Going from the top of the listing below to the line that holds "Bursa Çikolata Müzesi’ndeki", reproduce each line exactly; no pictures.
___ Entries provided
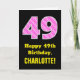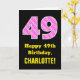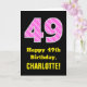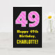 49th Birthday: Pink Stripes and Hearts "49" + Name Card
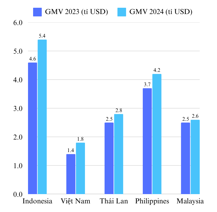 Indonesia theo sát Việt Nam với mức tăng trưởng GMV 18%, nhờ vào nỗ lực mở rộng của các nền tảng lớn như Grab, Gojek và ShopeeFood.
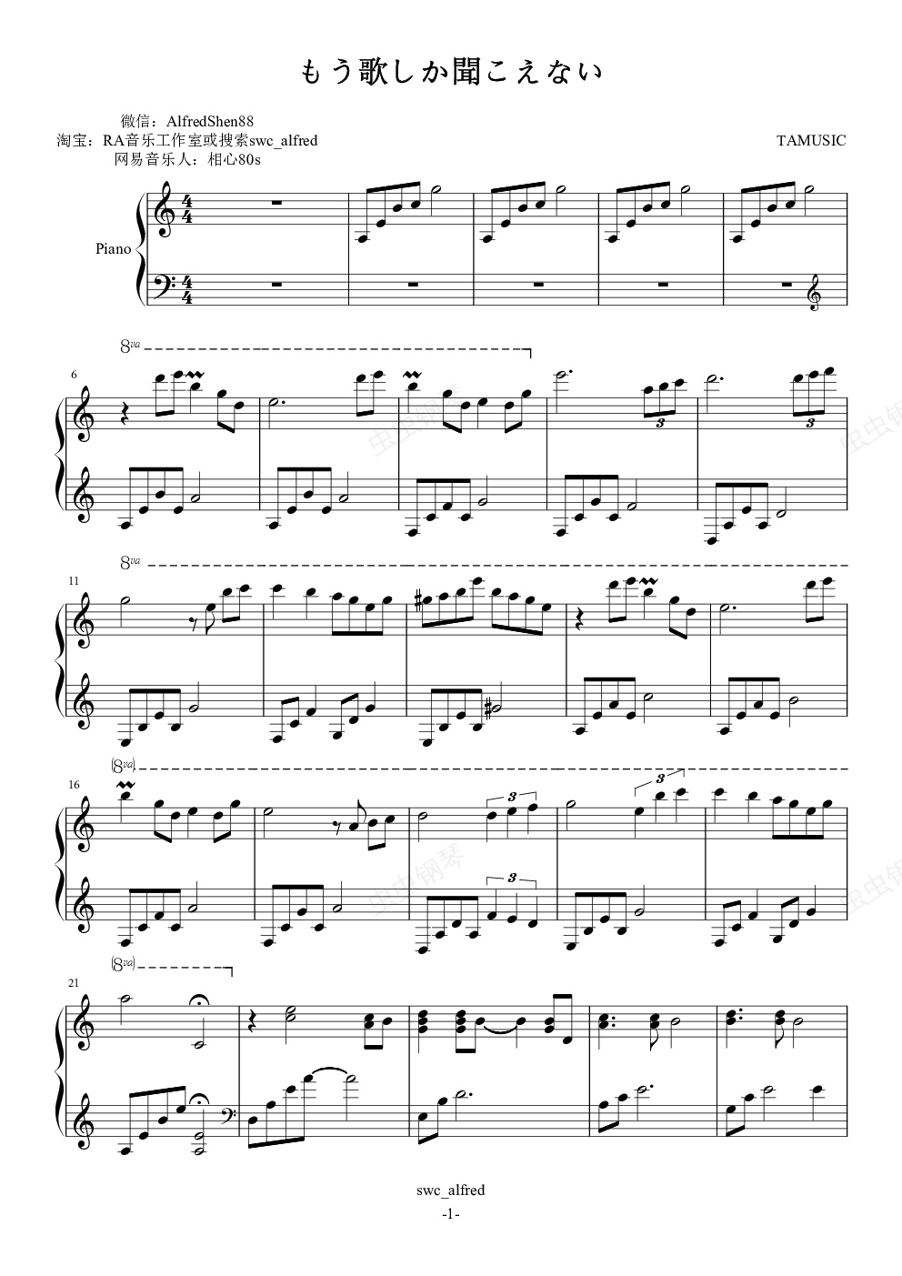 钢琴谱:もう歌しか聞こえない
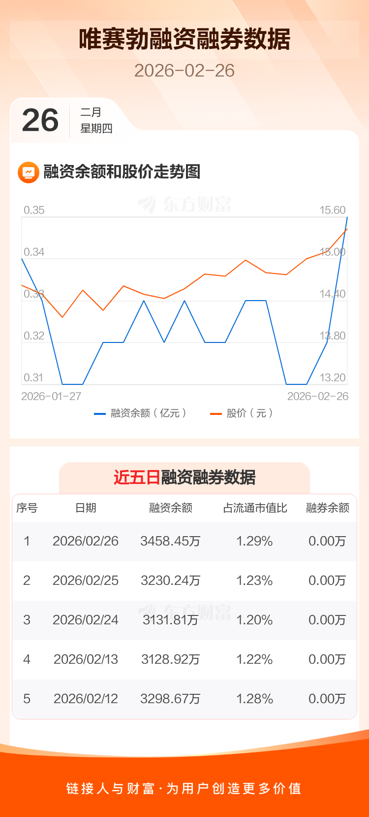 交易所最新数据显示,唯赛勃于2026年2月26日获融资买入507.95万元,融资偿还279.74万元,当日融资净买入228.21万元。目前,该股融资余额3458.45万,占流通市值比例为1.29%。
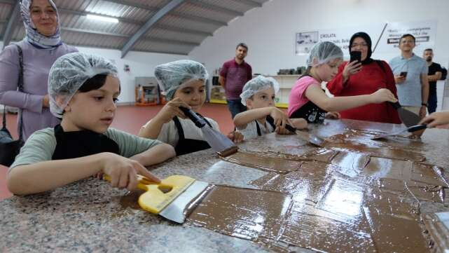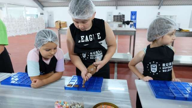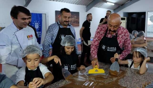 Bursa Çikolata Müzesi’ndeki atölye çalışmasına katılan çocuklar, ünlü çikolata şefi Mesut Kırımlı’dan çikolata yapmayı öğrendi.
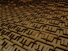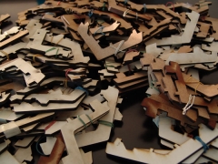 In addition to the milling process all parts are automatically numbered in an especially designed numbering pattern. The pattern clearly labels each of the individual polygonal cell elements as well as each of the several hundred connector elements. Only these labels make the correct erection of the structure possible, otherwise the 1200 final parts could not have been physically “reassembled”. For the production of the frame connectors more precise results were needed, therefore the CNC-laser with an imprecision of only 0.2 mm was used. The MDF material gets “burned” away by the focused laser beam. This way the cutting edges are hardened in order to increase the stability and solidity of the frame connectors made out of only 5 mm MDF (medium dense wood fibre) material. The results of the mock-ups and prototype tests were examined and re-evaluated. They served as basis for optimization and acceleration of the production process as well as for the refinement of the construction parts.
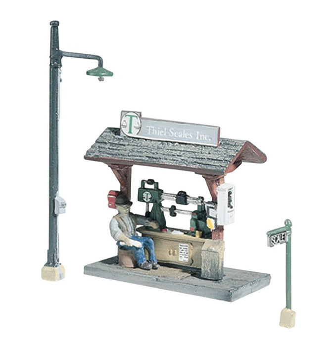 The scale attendant is taking a quick nap between trains. The scale is all set up and waiting, with a streetlamp for those late evening hours. The station sign sits out in front.
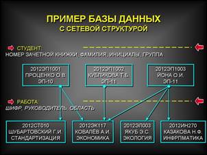 Сетевая структура базы данных обычно изображается в виде графа так, как это было показано на предыдущих слайдах.
______
■ **Solution to the problem**:
 49th Birthday: Pink Stripes and Hearts "49" + Name Card
 Indonesia theo sát Việt Nam với mức tăng trưởng GMV 18%, nhờ vào nỗ lực mở rộng của các nền tảng lớn như Grab, Gojek và ShopeeFood.
 钢琴谱:もう歌しか聞こえない
 交易所最新数据显示,唯赛勃于2026年2月26日获融资买入507.95万元,融资偿还279.74万元,当日融资净买入228.21万元。目前,该股融资余额3458.45万,占流通市值比例为1.29%。
 Bursa Çikolata Müzesi’ndeki atölye çalışmasına katılan çocuklar, ünlü çikolata şefi Mesut Kırımlı’dan çikolata yapmayı öğrendi.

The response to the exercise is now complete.